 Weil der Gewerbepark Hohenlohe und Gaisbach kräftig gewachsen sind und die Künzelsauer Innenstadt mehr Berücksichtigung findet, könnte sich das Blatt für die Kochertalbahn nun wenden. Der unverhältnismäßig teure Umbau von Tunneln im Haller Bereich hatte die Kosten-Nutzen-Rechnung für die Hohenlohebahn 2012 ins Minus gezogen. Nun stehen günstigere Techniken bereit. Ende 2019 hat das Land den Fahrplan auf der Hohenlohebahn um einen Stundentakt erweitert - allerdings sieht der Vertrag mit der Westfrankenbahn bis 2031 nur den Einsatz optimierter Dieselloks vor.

---

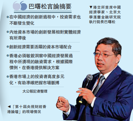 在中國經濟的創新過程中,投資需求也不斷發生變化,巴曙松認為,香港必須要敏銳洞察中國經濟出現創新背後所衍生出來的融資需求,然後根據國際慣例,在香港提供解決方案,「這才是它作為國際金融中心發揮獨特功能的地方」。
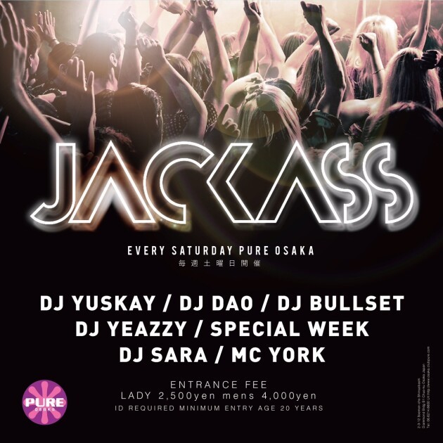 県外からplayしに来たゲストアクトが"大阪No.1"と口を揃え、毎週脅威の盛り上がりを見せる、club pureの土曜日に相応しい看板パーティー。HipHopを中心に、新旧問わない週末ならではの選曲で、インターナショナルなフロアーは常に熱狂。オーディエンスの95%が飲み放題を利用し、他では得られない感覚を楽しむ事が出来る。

**EXERCISE BRIEF**
Print, exactly, each line above from the one with "在中國經濟的創新過程中,投資" to the one with "県外からplayしに来たゲス", end lines included. Leave pictures out of it.

**OUTPUT FOR THIS EXERCISE**
 在中國經濟的創新過程中,投資需求也不斷發生變化,巴曙松認為,香港必須要敏銳洞察中國經濟出現創新背後所衍生出來的融資需求,然後根據國際慣例,在香港提供解決方案,「這才是它作為國際金融中心發揮獨特功能的地方」。
 県外からplayしに来たゲストアクトが"大阪No.1"と口を揃え、毎週脅威の盛り上がりを見せる、club pureの土曜日に相応しい看板パーティー。HipHopを中心に、新旧問わない週末ならではの選曲で、インターナショナルなフロアーは常に熱狂。オーディエンスの95%が飲み放題を利用し、他では得られない感覚を楽しむ事が出来る。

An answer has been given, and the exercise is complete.